··· Given information ···
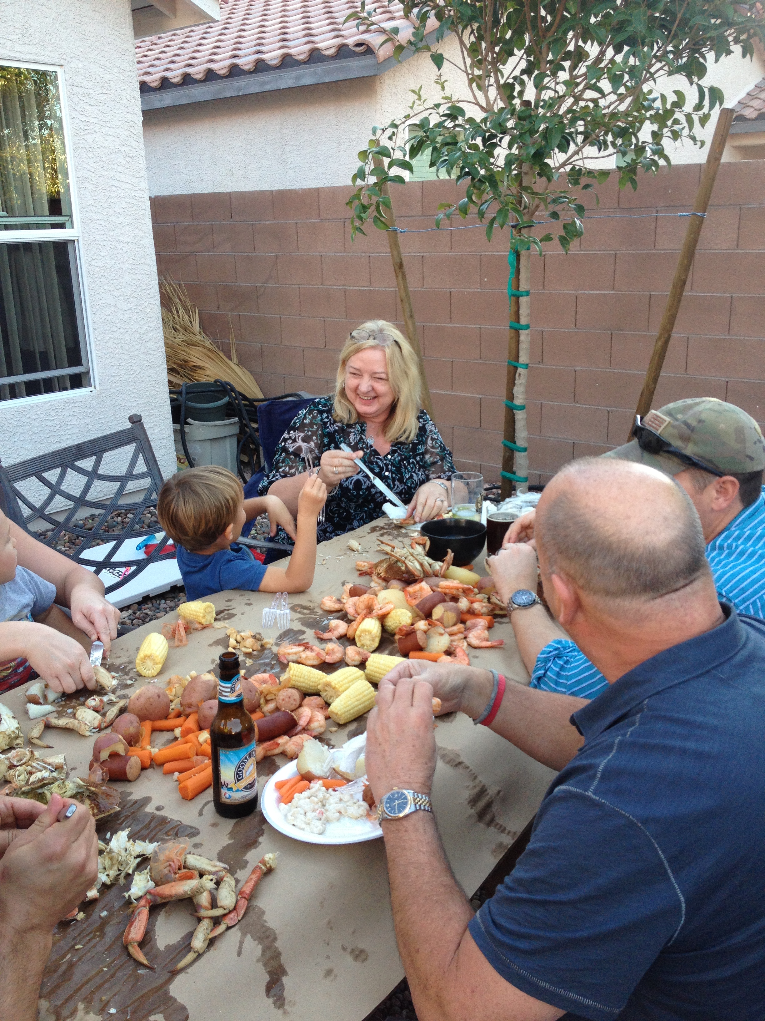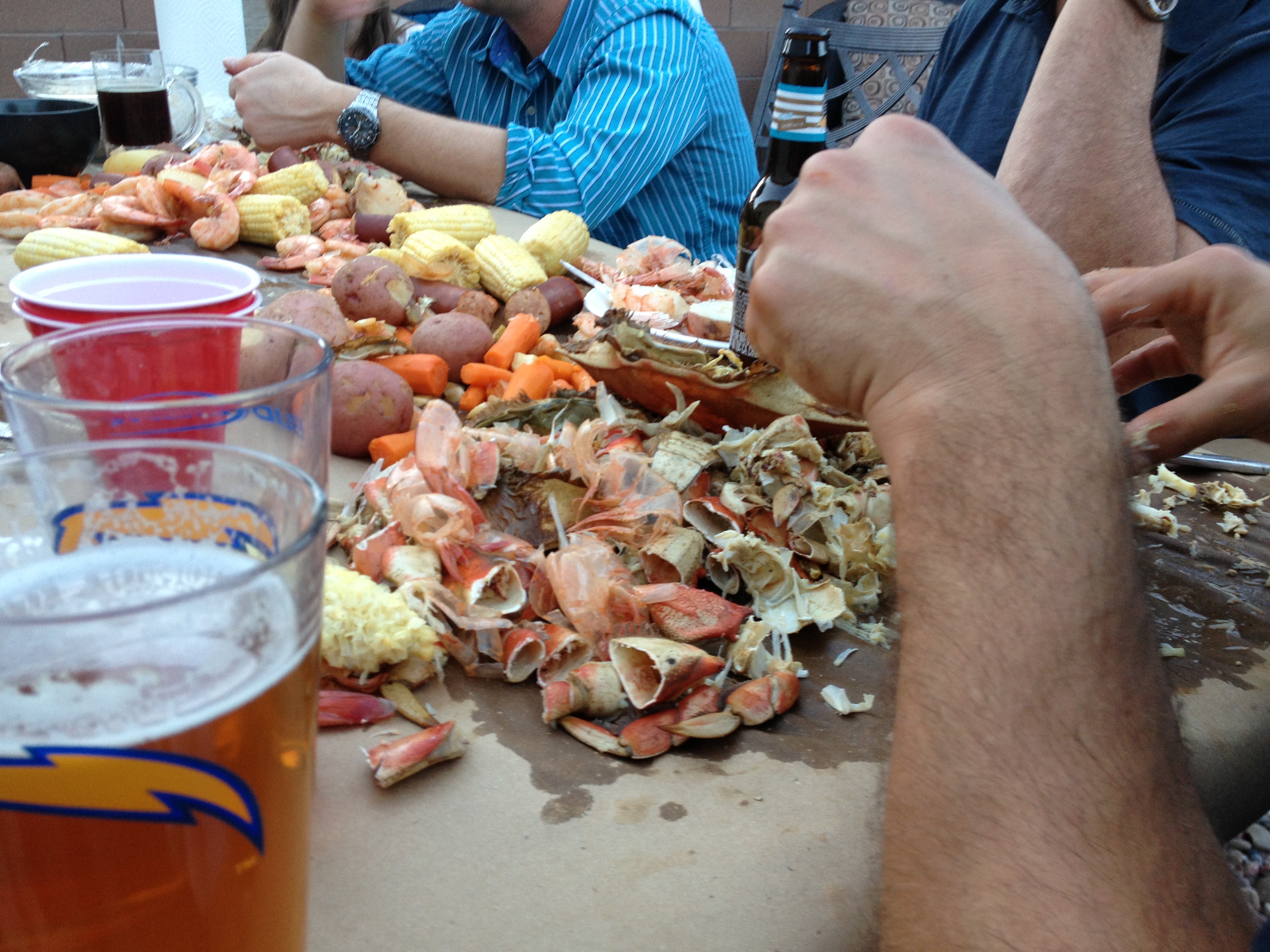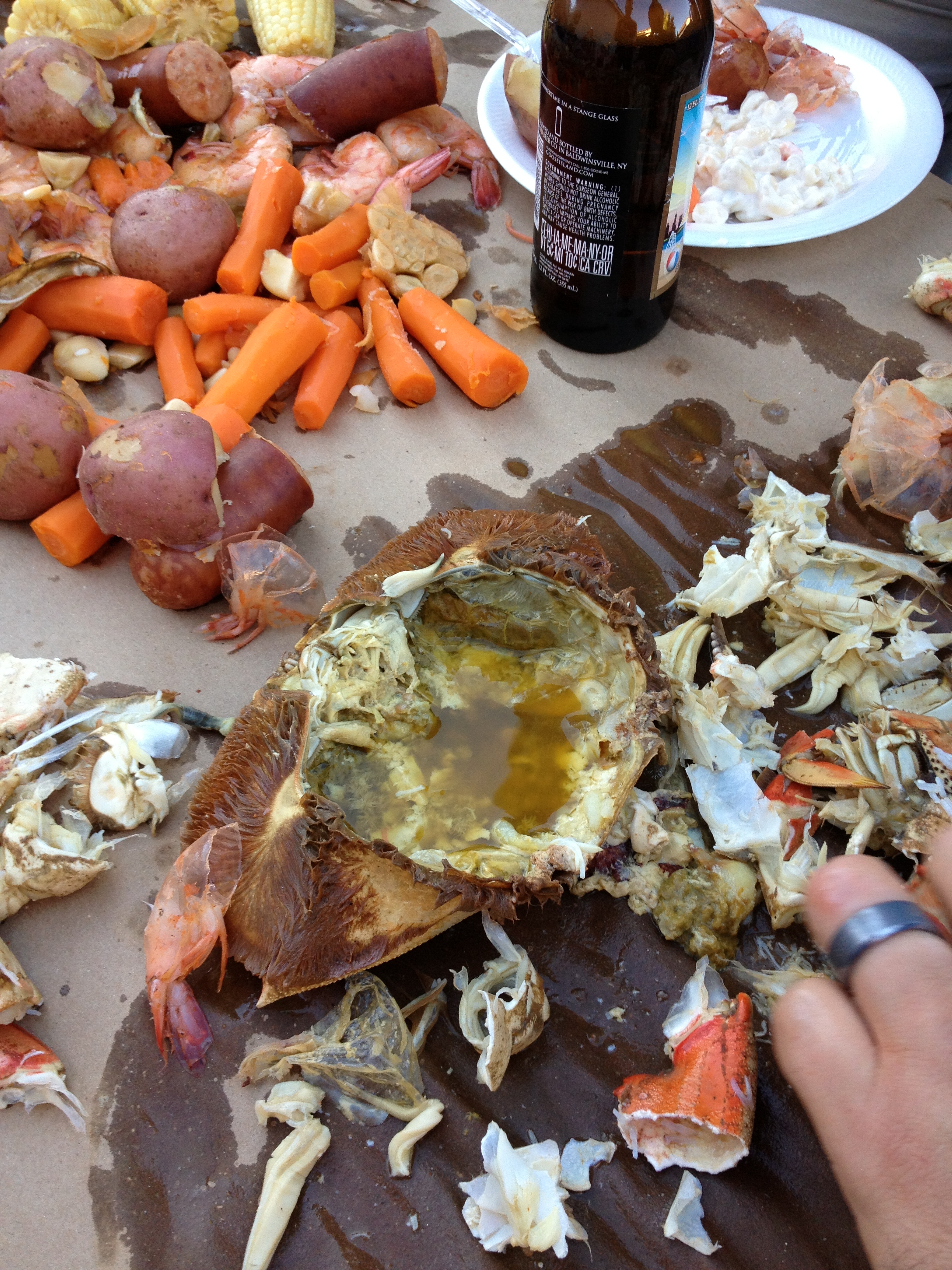 The American bounty that cascades over the table is a standard and a testament to our culture as Americans and our truly American Southern food history. After the feast there were a few crabs left, so my wife and I got after it and picked out all the meat for crab cakes the next morning. Which were by the way, the best crab cakes any of us had had…ever. After we cleaned up the tables I felt like Pig Pen…except the little dust clouds surrounding me were funky clouds of crab.
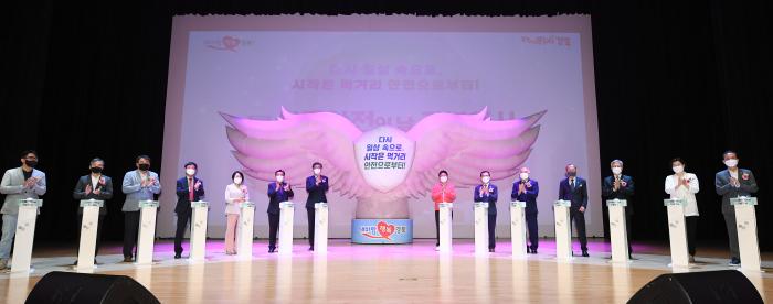 행사는 가람예술단 국악팀의 붐업 공연과 식품업계 종사자들의 코로나19 극복 영상을 시작으로, 식품위생수준 향상 유공자 시상 및 다시 일상의 날개를 활짝 펴고자 하는 결의 퍼포먼스 순으로 진행됐다.
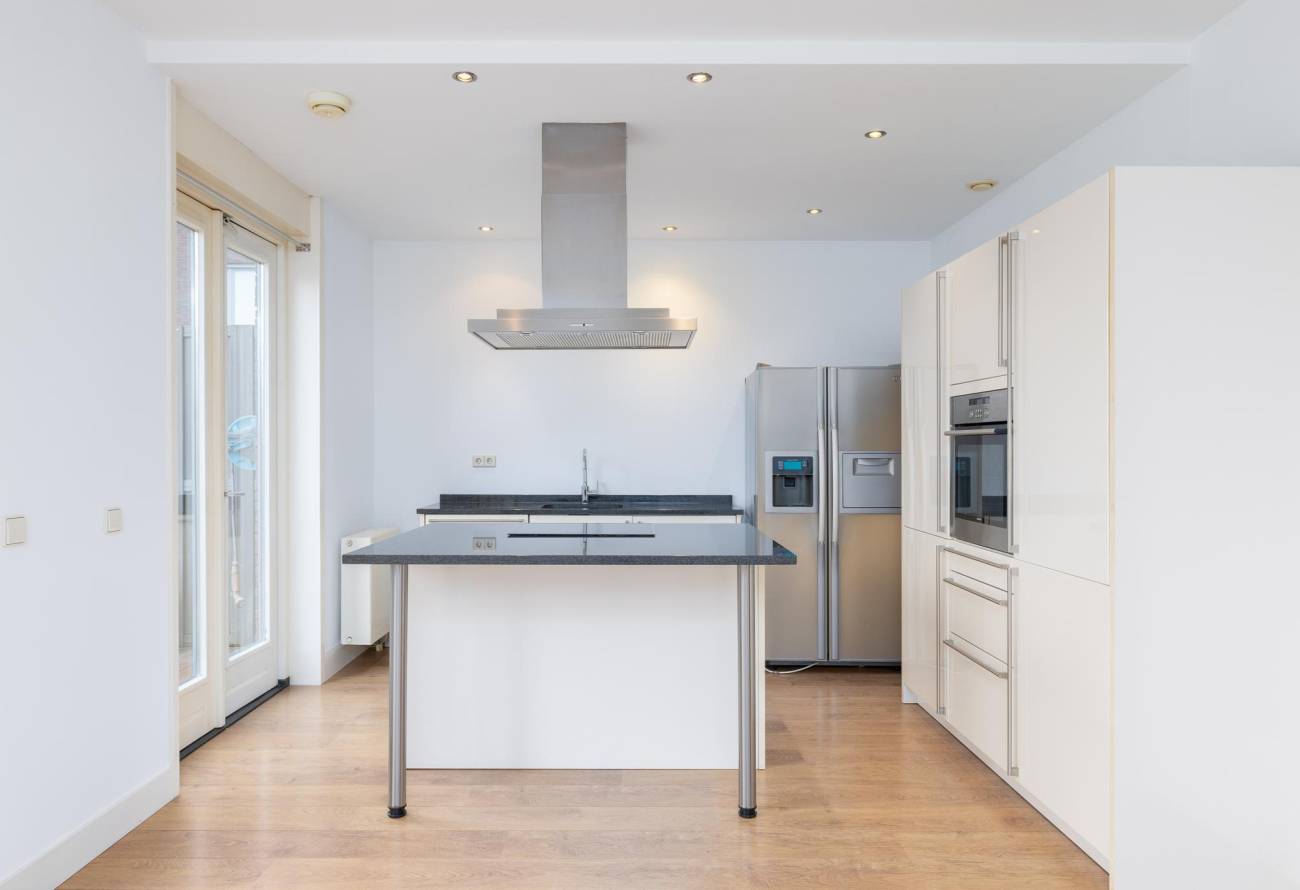 Deze woonkeuken wordt overspoeld met natuurlijk licht en biedt via 2 x dubbele deuren toegang tot een royaal dakterras van 52m² op het zuiden.
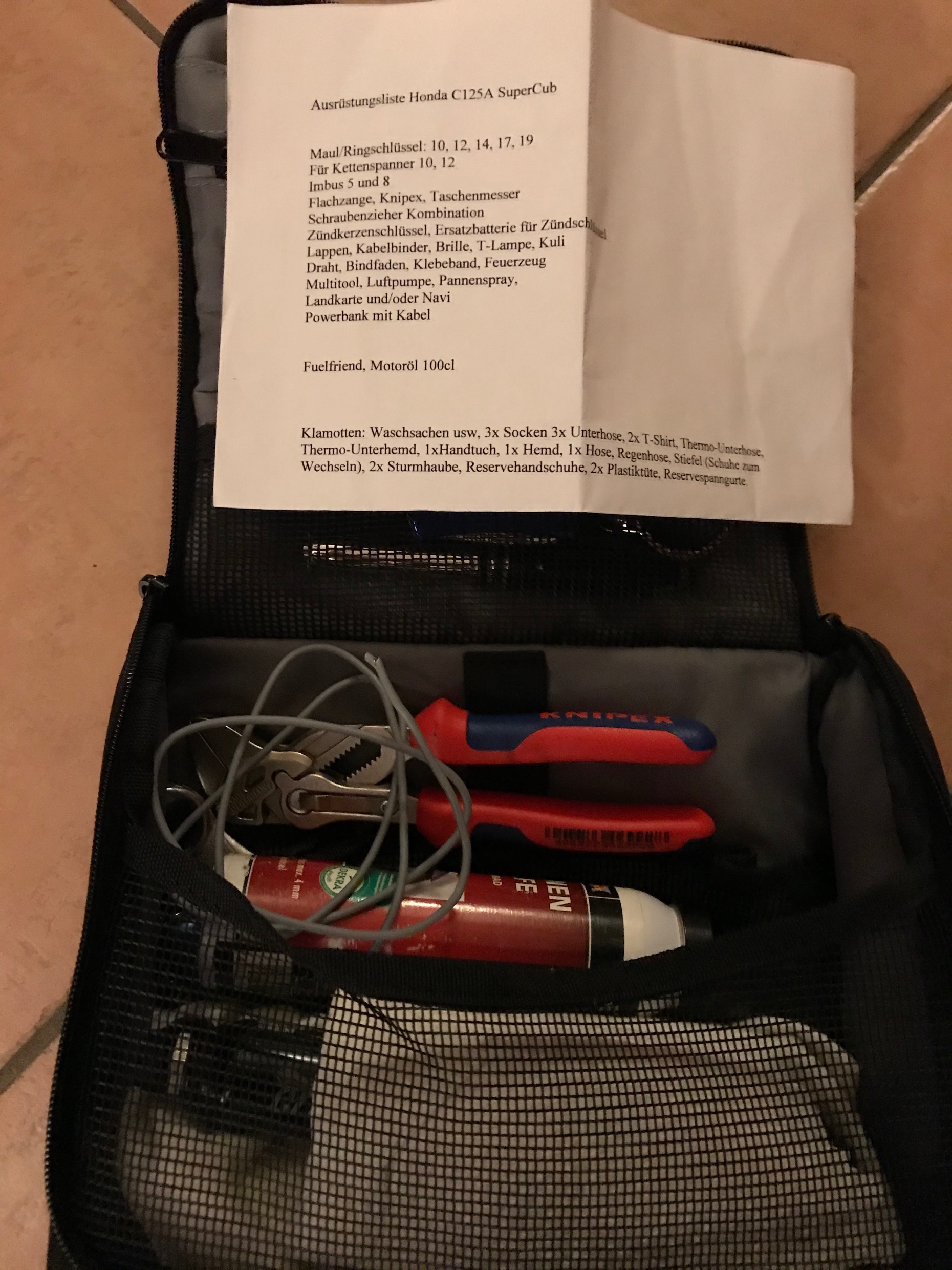 Für eine nun zu planende 2 oder 3 Tagestour habe ich eine Liste, ich denke mal das muss reichen.
···
* Task goal: Could you write out verbatim only those lines that run from the line containing "행사는 가람예술단 국악팀의" through the end of the listing above, both included, without the pictures?

* Response area:
 행사는 가람예술단 국악팀의 붐업 공연과 식품업계 종사자들의 코로나19 극복 영상을 시작으로, 식품위생수준 향상 유공자 시상 및 다시 일상의 날개를 활짝 펴고자 하는 결의 퍼포먼스 순으로 진행됐다.
 Deze woonkeuken wordt overspoeld met natuurlijk licht en biedt via 2 x dubbele deuren toegang tot een royaal dakterras van 52m² op het zuiden.
 Für eine nun zu planende 2 oder 3 Tagestour habe ich eine Liste, ich denke mal das muss reichen.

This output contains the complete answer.